▸ Dataset excerpts:
* * *

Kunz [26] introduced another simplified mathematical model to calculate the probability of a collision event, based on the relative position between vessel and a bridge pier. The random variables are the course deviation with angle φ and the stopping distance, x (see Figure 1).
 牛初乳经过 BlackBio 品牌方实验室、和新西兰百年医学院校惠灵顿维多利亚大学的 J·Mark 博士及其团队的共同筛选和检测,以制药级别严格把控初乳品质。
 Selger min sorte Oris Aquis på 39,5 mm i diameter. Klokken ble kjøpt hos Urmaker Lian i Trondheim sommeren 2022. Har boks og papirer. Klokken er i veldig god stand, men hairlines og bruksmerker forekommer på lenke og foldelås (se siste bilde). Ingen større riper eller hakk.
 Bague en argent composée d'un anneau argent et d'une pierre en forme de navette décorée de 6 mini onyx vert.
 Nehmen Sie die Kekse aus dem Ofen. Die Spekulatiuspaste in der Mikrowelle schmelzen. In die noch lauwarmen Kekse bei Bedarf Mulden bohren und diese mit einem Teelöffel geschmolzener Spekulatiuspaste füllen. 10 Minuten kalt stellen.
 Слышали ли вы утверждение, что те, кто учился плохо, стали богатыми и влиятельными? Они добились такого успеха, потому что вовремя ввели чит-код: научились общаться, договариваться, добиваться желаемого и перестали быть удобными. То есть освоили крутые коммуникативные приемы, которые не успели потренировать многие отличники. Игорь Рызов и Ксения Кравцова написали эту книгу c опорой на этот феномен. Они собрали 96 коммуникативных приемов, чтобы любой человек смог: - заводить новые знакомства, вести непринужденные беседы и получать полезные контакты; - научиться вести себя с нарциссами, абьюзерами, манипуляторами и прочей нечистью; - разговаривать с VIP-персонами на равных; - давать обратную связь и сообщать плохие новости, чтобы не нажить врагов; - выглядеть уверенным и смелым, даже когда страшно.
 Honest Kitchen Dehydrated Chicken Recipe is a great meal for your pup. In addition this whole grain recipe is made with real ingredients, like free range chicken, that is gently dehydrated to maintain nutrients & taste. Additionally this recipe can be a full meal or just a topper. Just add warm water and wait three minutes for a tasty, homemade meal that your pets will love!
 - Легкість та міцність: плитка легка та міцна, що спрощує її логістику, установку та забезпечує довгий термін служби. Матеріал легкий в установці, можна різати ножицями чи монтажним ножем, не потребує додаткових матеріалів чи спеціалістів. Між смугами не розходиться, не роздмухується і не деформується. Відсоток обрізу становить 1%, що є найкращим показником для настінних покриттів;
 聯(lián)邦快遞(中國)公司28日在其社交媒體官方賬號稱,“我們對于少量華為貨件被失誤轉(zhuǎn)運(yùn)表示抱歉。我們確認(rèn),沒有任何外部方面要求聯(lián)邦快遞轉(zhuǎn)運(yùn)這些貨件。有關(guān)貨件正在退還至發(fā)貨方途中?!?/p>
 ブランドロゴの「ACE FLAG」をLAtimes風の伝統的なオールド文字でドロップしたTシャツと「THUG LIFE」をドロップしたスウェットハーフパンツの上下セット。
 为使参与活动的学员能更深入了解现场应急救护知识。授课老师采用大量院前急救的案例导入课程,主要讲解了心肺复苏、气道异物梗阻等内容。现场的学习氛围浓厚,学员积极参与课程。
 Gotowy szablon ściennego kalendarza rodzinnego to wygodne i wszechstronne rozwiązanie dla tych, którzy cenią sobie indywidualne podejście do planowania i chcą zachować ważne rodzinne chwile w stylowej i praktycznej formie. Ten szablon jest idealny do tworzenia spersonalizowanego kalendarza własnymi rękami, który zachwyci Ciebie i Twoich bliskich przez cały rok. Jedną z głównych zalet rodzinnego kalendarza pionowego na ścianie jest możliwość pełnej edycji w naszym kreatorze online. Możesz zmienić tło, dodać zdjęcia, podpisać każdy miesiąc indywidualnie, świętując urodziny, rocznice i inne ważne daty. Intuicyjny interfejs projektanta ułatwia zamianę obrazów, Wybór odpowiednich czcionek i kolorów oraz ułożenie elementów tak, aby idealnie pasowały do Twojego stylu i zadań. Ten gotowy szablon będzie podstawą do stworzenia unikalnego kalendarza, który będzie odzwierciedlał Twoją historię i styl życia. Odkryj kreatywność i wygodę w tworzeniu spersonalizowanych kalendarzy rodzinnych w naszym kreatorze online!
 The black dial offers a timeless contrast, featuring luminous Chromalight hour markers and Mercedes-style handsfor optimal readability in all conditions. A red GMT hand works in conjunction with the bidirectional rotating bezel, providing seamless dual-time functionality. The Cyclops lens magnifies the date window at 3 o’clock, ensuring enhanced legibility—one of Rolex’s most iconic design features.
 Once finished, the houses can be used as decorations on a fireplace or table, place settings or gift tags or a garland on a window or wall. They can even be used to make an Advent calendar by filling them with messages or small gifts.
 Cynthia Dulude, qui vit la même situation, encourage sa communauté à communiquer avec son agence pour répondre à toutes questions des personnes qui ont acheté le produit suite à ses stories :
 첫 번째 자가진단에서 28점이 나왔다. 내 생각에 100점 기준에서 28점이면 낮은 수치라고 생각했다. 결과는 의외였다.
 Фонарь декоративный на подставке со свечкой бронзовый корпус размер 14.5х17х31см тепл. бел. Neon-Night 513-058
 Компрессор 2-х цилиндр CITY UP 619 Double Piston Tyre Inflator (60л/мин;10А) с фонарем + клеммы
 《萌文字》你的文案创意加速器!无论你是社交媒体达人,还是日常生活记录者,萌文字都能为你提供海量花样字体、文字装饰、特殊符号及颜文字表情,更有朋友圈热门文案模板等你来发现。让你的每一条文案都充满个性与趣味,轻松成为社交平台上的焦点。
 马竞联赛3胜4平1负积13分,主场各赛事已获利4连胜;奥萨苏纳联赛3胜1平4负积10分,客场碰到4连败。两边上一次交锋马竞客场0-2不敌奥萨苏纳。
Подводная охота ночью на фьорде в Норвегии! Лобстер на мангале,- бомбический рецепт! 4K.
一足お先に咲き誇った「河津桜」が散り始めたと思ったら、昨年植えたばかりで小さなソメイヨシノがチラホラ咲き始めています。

* * *

▸ Prompt:
The line containing "Nehmen Sie die" marks the end. Please print exactly every line from the top of the data to it, both included, and nothing more.

▸ Reply to the task:
Kunz [26] introduced another simplified mathematical model to calculate the probability of a collision event, based on the relative position between vessel and a bridge pier. The random variables are the course deviation with angle φ and the stopping distance, x (see Figure 1).
 牛初乳经过 BlackBio 品牌方实验室、和新西兰百年医学院校惠灵顿维多利亚大学的 J·Mark 博士及其团队的共同筛选和检测,以制药级别严格把控初乳品质。
 Selger min sorte Oris Aquis på 39,5 mm i diameter. Klokken ble kjøpt hos Urmaker Lian i Trondheim sommeren 2022. Har boks og papirer. Klokken er i veldig god stand, men hairlines og bruksmerker forekommer på lenke og foldelås (se siste bilde). Ingen større riper eller hakk.
 Bague en argent composée d'un anneau argent et d'une pierre en forme de navette décorée de 6 mini onyx vert.
 Nehmen Sie die Kekse aus dem Ofen. Die Spekulatiuspaste in der Mikrowelle schmelzen. In die noch lauwarmen Kekse bei Bedarf Mulden bohren und diese mit einem Teelöffel geschmolzener Spekulatiuspaste füllen. 10 Minuten kalt stellen.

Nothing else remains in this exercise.